▶ ACTION ITEM
Print, exactly as they stand, the lines below from the one that has "Custom Name Pendant" to the one that has "Kjóll síðerma,dökkbl.hvítur", inclusive, leaving out the pictures.

▶ DATASET CONTENT
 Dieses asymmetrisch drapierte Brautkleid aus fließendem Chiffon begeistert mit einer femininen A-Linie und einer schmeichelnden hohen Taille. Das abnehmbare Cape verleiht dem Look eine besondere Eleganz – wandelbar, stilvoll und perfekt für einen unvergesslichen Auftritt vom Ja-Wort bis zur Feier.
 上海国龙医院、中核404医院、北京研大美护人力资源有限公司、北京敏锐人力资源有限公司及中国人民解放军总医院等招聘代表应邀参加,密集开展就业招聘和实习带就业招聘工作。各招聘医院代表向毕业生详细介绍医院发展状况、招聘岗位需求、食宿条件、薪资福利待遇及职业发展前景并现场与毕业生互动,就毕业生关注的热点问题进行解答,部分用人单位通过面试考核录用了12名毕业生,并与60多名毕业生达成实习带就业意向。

==

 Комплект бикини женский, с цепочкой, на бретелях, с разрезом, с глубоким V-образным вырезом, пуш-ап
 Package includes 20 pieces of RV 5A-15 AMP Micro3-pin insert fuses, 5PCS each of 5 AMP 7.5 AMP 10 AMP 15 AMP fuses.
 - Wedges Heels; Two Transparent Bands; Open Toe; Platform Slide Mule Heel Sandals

==

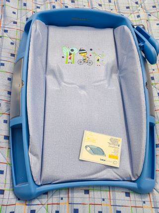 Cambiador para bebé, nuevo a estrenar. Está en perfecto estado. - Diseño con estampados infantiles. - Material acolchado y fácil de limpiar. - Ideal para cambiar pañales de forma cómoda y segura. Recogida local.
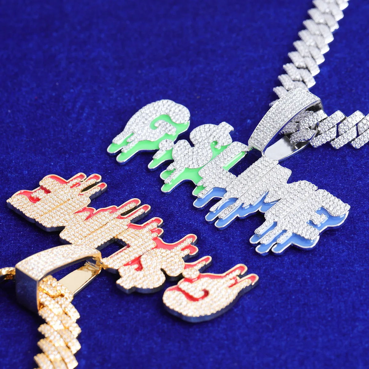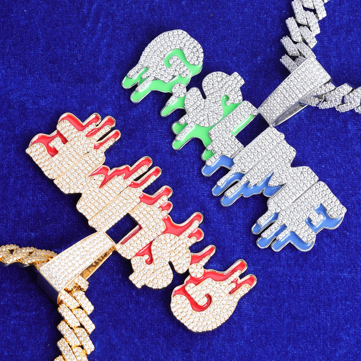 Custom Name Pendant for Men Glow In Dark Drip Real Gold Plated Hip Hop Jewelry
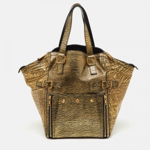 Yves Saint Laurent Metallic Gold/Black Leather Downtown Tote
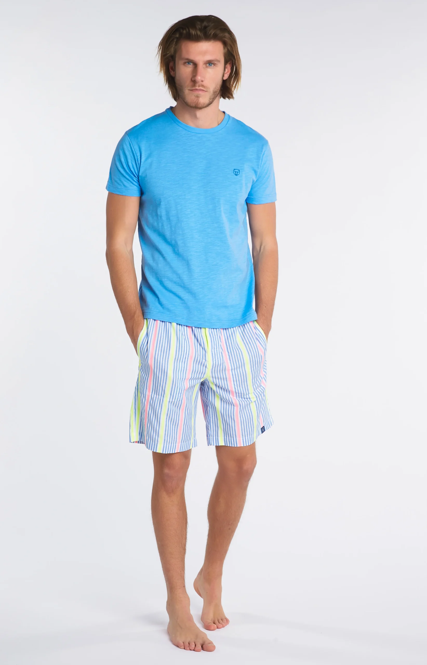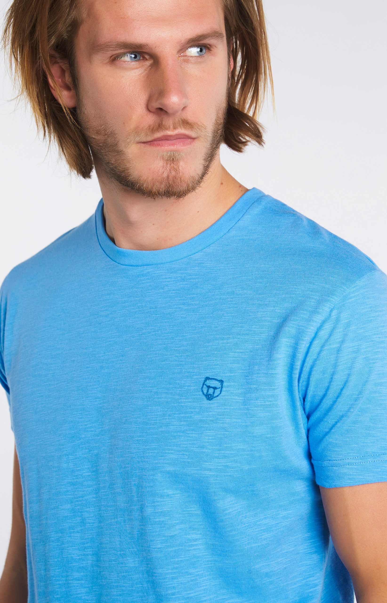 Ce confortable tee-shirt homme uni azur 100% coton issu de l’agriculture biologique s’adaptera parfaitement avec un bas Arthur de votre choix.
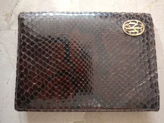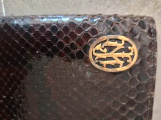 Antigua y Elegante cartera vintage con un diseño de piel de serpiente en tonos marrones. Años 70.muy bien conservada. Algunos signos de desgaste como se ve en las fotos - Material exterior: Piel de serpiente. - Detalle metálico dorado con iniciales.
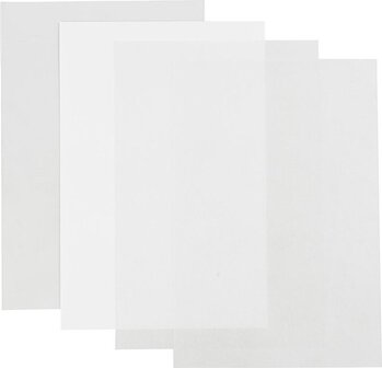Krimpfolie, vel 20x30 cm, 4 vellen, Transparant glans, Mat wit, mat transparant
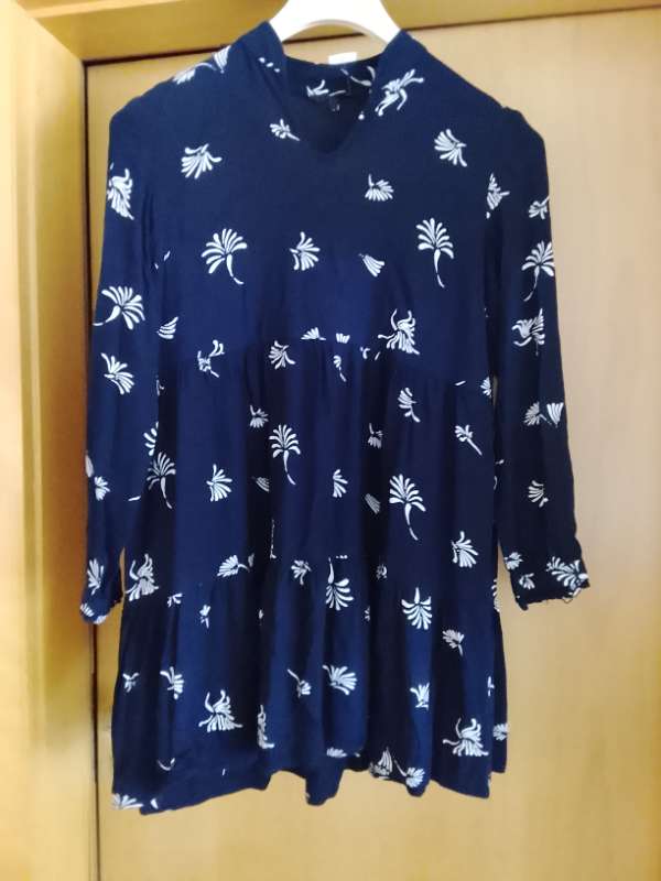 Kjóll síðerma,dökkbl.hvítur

▶ ANSWER TO THIS PROBLEM
 Custom Name Pendant for Men Glow In Dark Drip Real Gold Plated Hip Hop Jewelry
 Yves Saint Laurent Metallic Gold/Black Leather Downtown Tote
 Ce confortable tee-shirt homme uni azur 100% coton issu de l’agriculture biologique s’adaptera parfaitement avec un bas Arthur de votre choix.
 Antigua y Elegante cartera vintage con un diseño de piel de serpiente en tonos marrones. Años 70.muy bien conservada. Algunos signos de desgaste como se ve en las fotos - Material exterior: Piel de serpiente. - Detalle metálico dorado con iniciales.
Krimpfolie, vel 20x30 cm, 4 vellen, Transparant glans, Mat wit, mat transparant
 Kjóll síðerma,dökkbl.hvítur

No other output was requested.